Redazione | La storia di Luigi è solo una delle tante dei volti nascosti del decreto Salva Banche. Pensionato marittimo Luigi trova il coraggio di raccontarci il dramma che sta vivendo: «Oltre ventimila euro in azioni subordinate, nessuno ci ha spiegato i rischi che correvamo, sono indignato e amareggiato». Luigi, sposato e padre di due ragazzi, una vita in mare, aveva investito parte del suo patrimonio proprio nella piccola banca Marche : «Da sempre sono correntista del Banco di Napoli e lo sono ancora. Per anni grazie ad un’amicizia locale, Mimì P., avevo investito i miei capitali alla banca d’America e d’Italia che si trova a Santa Brigida a Napoli. I tassi erano alti e si facevano dei buoni investimenti. Poi con gran parte dei risparmi, negli anni novanta mi sono rifatto la mia casa che era di mio padre con tanto giardino e prosciugai le casse dei miei risparmi. Un po’ come facevano all’epoca ogni marittimo procidano. Il passaggio poi della Banca d’America e D’Italia alla Deutch Bank, mi convinse a tornare al Banco di Napoli. I tedeschi non mi piacciono».

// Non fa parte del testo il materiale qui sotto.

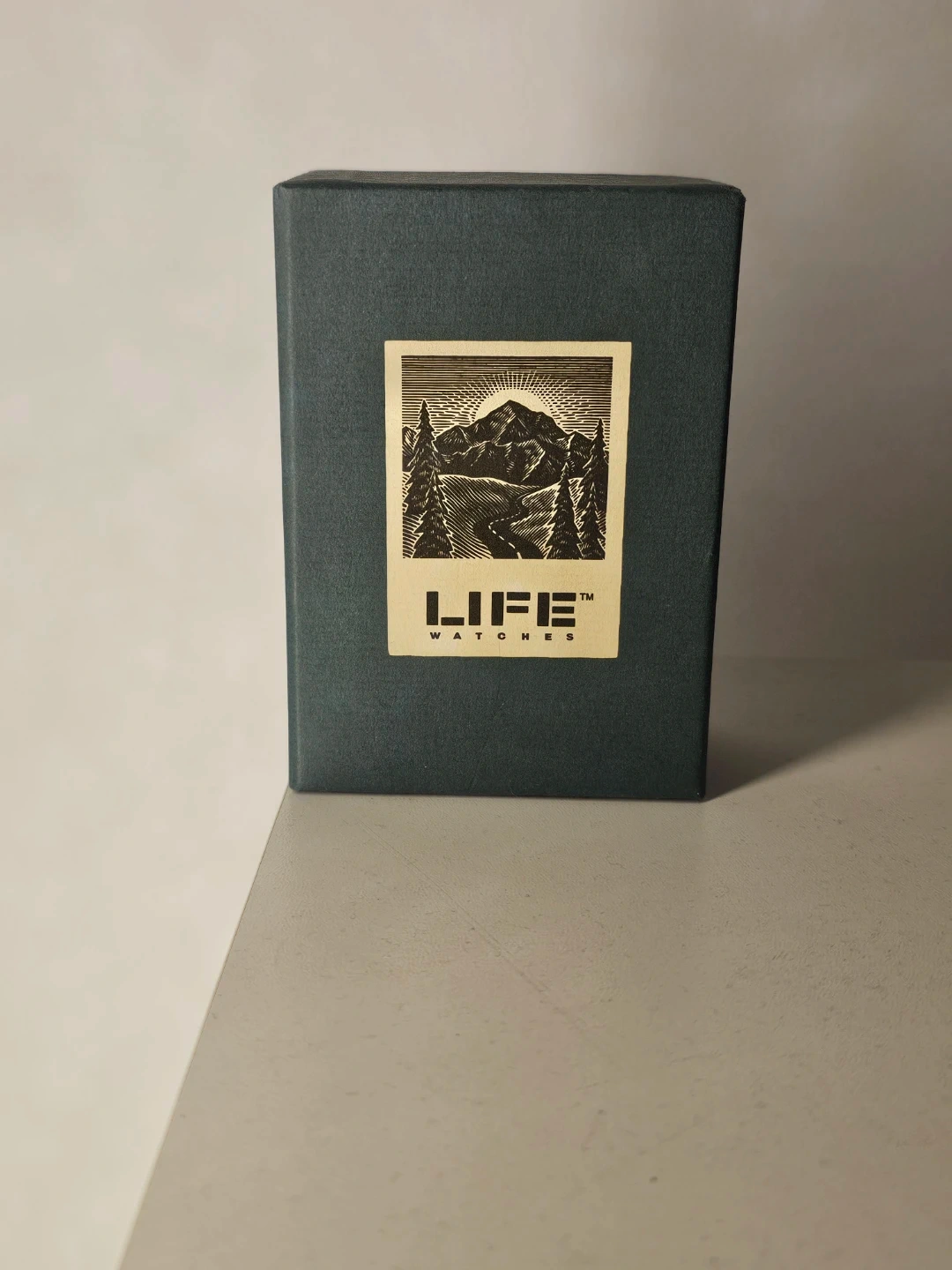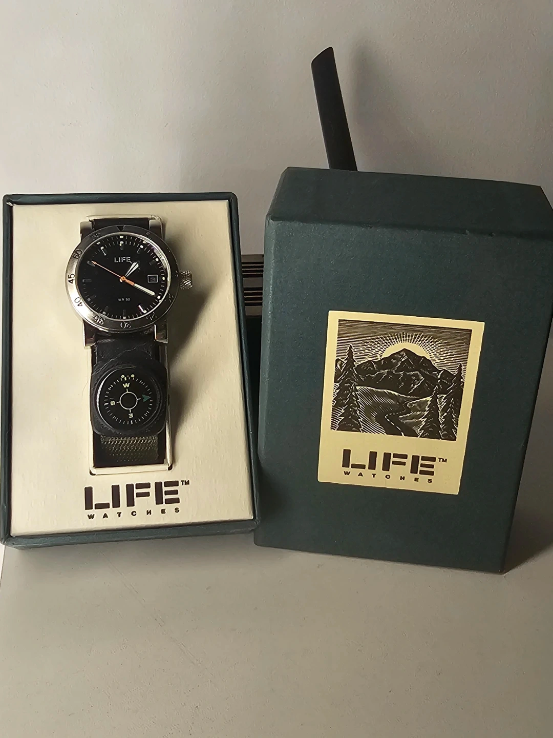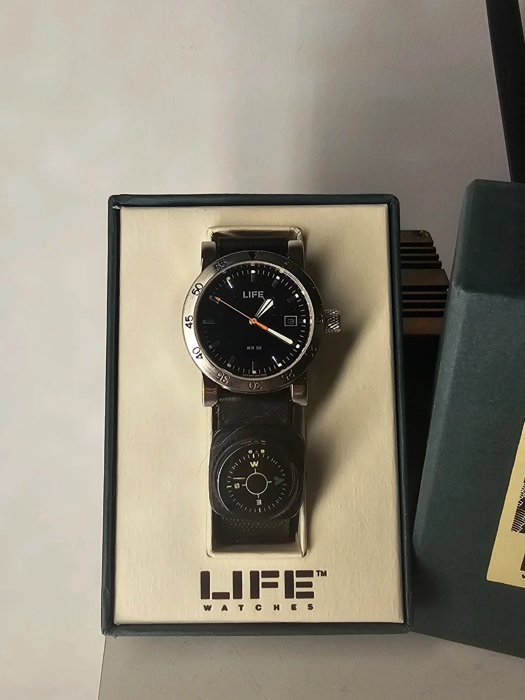 This LIFE Watches timepiece comes with a matching compass attachment. It's water-resistant up to 50 meters. The watch is presented in its original box.
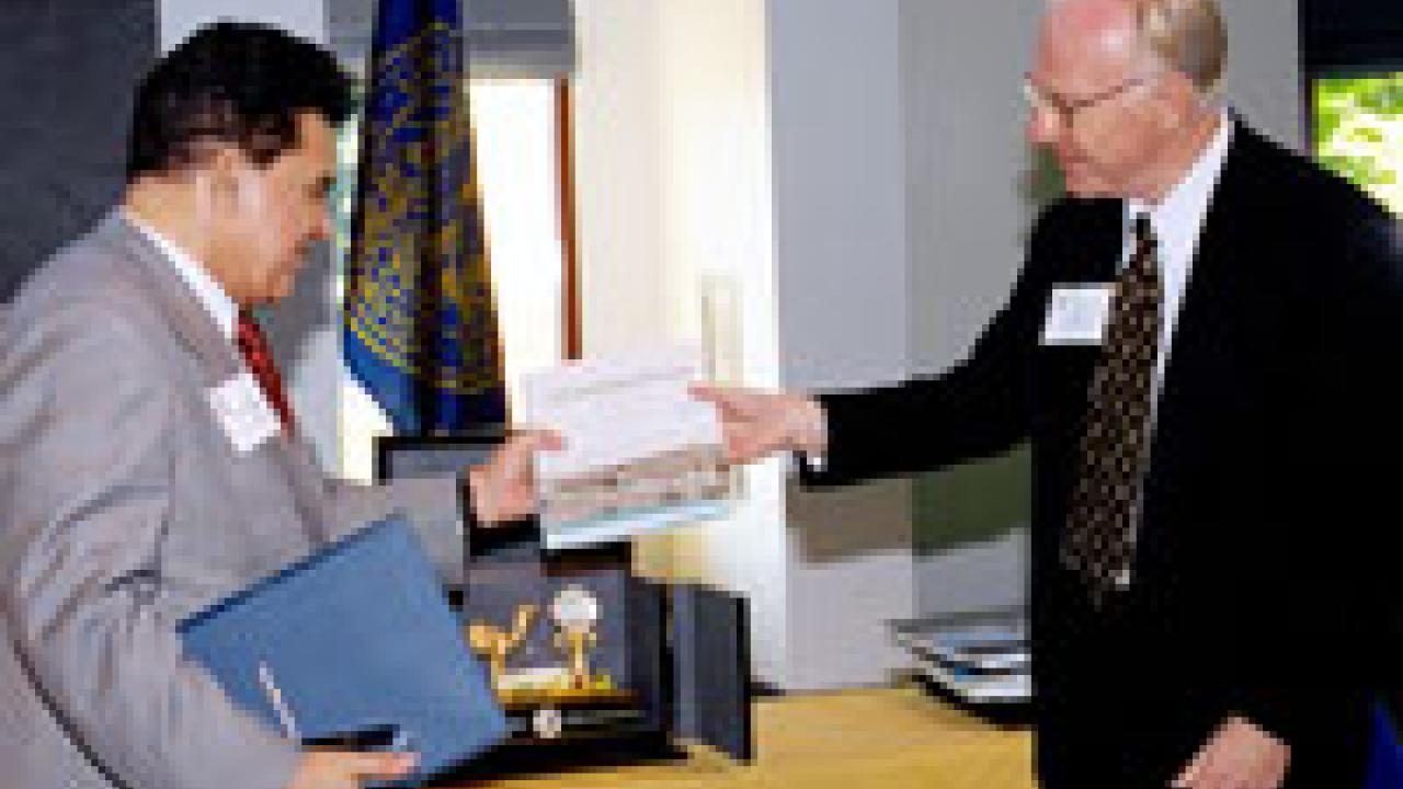 Abderrahman Khaleg, left, agricultural advisor to the president of the United Arab Emirates, and Chancellor Larry Vanderhoef exchange gifts Monday evening during a ceremony in the Alumni and Visitors Center. UC Davis and the United Arab Emirates initiated an agricultural research collaboration, focused on research related to salt-tolerant crops and other agricultural technologies developed in UC Davis' Department of Pomology. During an exchange of gifts, Vanderhoef presented Khaleg with the book Abundant Harvest, about the founding and development of UC Davis. In return, he received several books about the United Arab Emirates and a gold-and-marble clock featuring a camel and date palm, two of the UAE's most prized resources. UC Davis is a leader in research regarding crops that can be genetically modified for planting in areas that have salty irrigation water and salt-damaged soils.

Veniamo ai giorni nostri dove la storia di Luigi si intreccia con la vita del figlio. «Mio figlio grande conobbe una ragazza di Monterubbiano in provincia di Fermo e spesso e volentieri ci recavamo da lui a trovarlo. Lui conviveva con lei che all’epoca faceva la farmacista. Una domenica, a tavola si discuteva di soldi e di tasse e la ragazza ci parlò della possibilità di investire anche piccole quote proprio nella banca delle Marche, che offriva dei buoni guadagni e che ci avrebbe fissato un appuntamento informale con un suo prozio, che si intendeva di risparmi e proponeva formule vantaggiose a piccoli risparmiatori».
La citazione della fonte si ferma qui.